§ SUPPLIED INFORMATION:
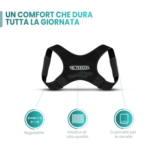 Mr. Panache Correttore Posturale | Fascia Posturale Spalle e Schiena Dritta | Supporto per Raddrizzare la Schiena per Dolori al Collo, alla Schiena e alle Spalle | Regolabile Traspirante Lavabile
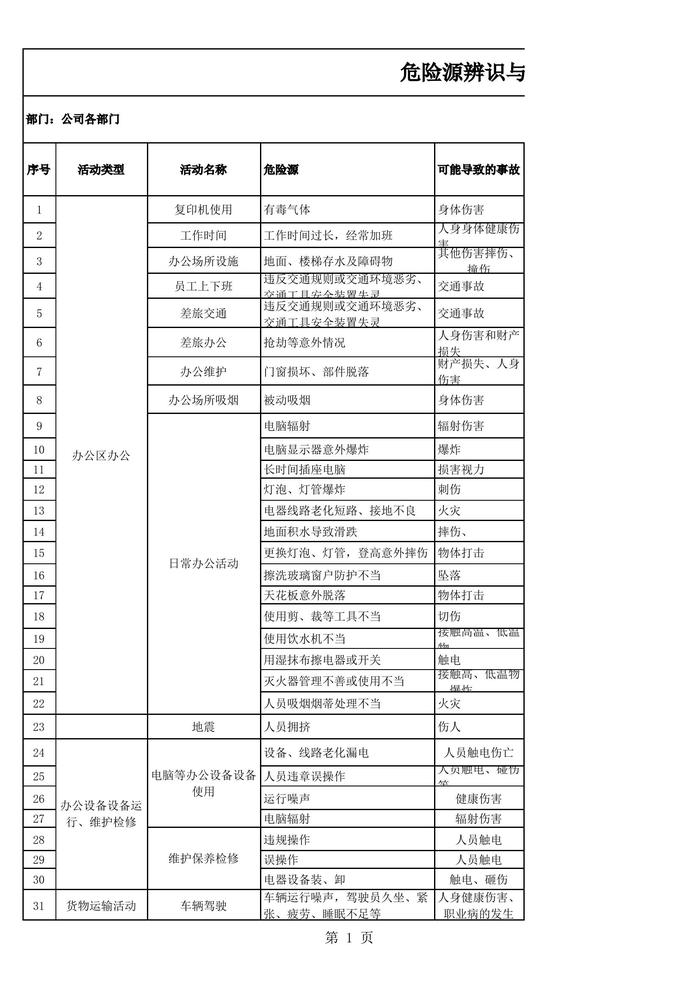 物流貨運行業(yè)危險源辨識與評價清單完整版xls
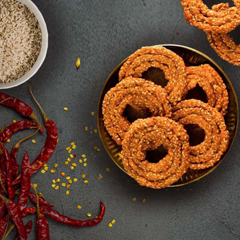 This traditional Indian snack takes a fiery twist with the addition of red chili powder, making every bite an exciting flavor adventure. The crunchy swirls are carefully crafted with rice flour, sesame seeds, carom seeds, cumin, salt, and sunflower oil, bringing together a delightful snack that is both robust in flavor and deeply rooted in tradition. Enjoy it with a hot cup of tea or coffee for the perfect evening snack
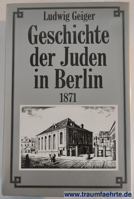 Alte Bücher etc. > Religion > JudaicaGeiger, Ludwig: Geschichte der Juden in Berlin. Festschrift zur zweiten Säkular-Feier. Anmerkungen, Ausführungen, urkundliche Beilagen und zwei Nachträge (1871–1890). [ Permalink ]>>> Artikel-Nr: 39412 <<< Leipzig, Zentralantiquariat der DDR 1988, Reprint der Originalausgabe von 1871–1890 mit Vorwort von Hermann Simon; XLII, 207, 357, [185–]233, [29-]65 S., silbergeprägt. schwarzer OLn mit illustr. OU, ISBN 3-7463-0094-0 Zustand: ordentliches Exemplar Preis: 9,00 €
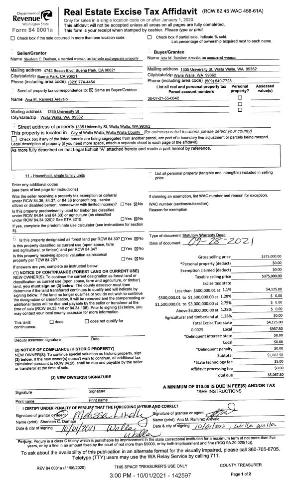 | 1 | 10/01/2021 | SWD | STATUTORY WARRANTY DEED | DURHAM SHARLEEN C | AREVALO ANA M RAMIREZ | | | $375,000.00 | 142597 | 2021-12057 |
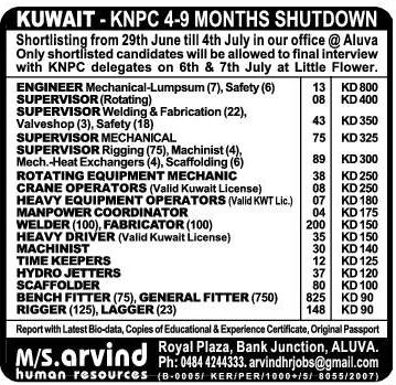 Knpc Kuwait Oil And Gas Shutdown Jobs Large Number Of Vacancies Job Inbox Gulf Walk In Interviews
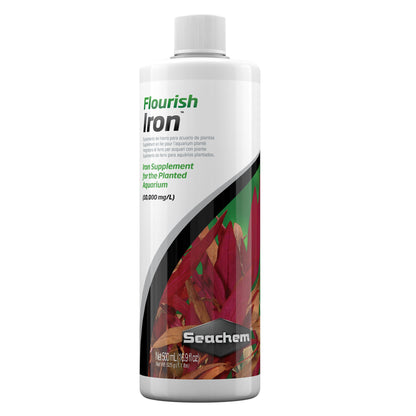 Flourish Iron™ is a highly concentrated (10,000 mg/L) ferrous iron (Fe+2) gluconate supplement designed to meet the elevated iron needs of aquatic plants. Ideal for use when standard dosing of general plant conditioners falls short or when signs of iron deficiency emerge—such as short, slender stems or yellowing between leaf veins—this supplement provides iron in the ferrous form, which plants readily absorb and utilize.
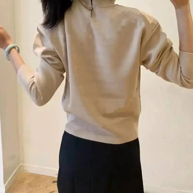 Женский пуловер с вышивкой, свитер с воротником-стойкой и вышивкой в виде листьев лотоса, Осень-зима 2021
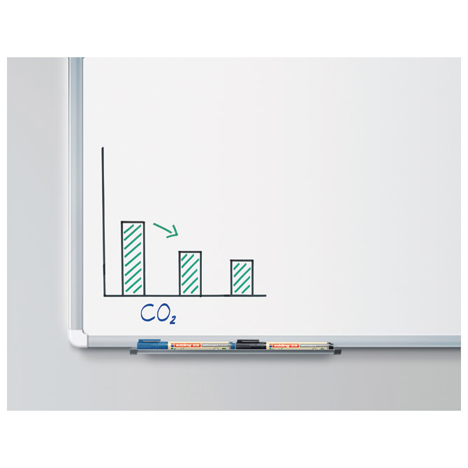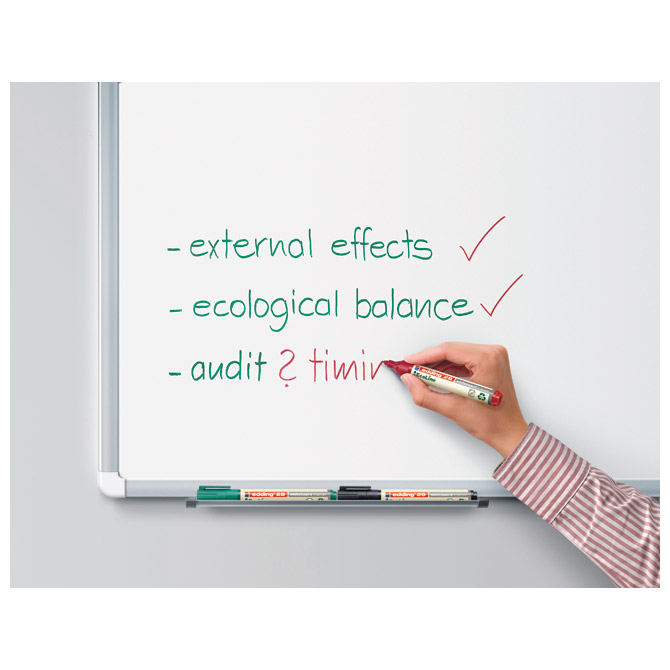 nepermanentni; s mogućnošću ponovnog punjenja; okrugli vrh; širina ispisa: 1,5-3 mm; otporan na svjetlo; brzo se suši; lako se briše sa svih glatkih površina (staklo, melamin,… ); za pisanje po svim glatkim površinama i bijeloj ploči; marker može biti bez poklopca par dana, a da se ne osuši; Eco-friendly (najmanje 90 % ukupne plastike je napravljeno od recikliranog materijala) Pakiranje: 10/400
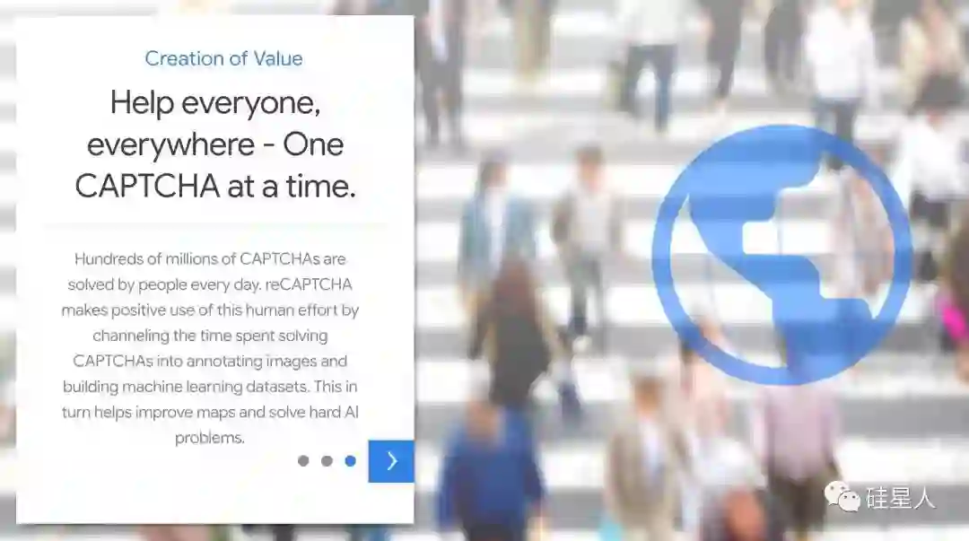 对于这一目的,Google也并不避讳。在reCAPTCHA官网上,Google公开说明了reCAPTCHA集众人之力标注数据、训练AI的“众包”模式。
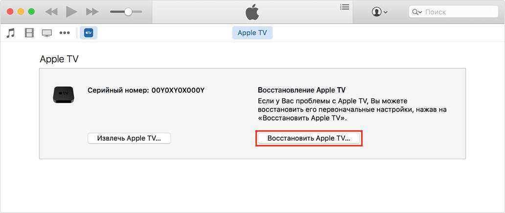 Если приложение «iTunes» не определяет ваше устройство «Apple TV», то возможно вам придется перевести его в режим “восстановления”.

§ REQUIRED WORK:
Repeat only what lies between the start of the data and the end of the line containing "物流貨運行業(yè)危險源辨識與評價清單完整版xls", exactly, with pictures left out.

§ SOLUTION TO THE EXERCISE:
 Mr. Panache Correttore Posturale | Fascia Posturale Spalle e Schiena Dritta | Supporto per Raddrizzare la Schiena per Dolori al Collo, alla Schiena e alle Spalle | Regolabile Traspirante Lavabile
 物流貨運行業(yè)危險源辨識與評價清單完整版xls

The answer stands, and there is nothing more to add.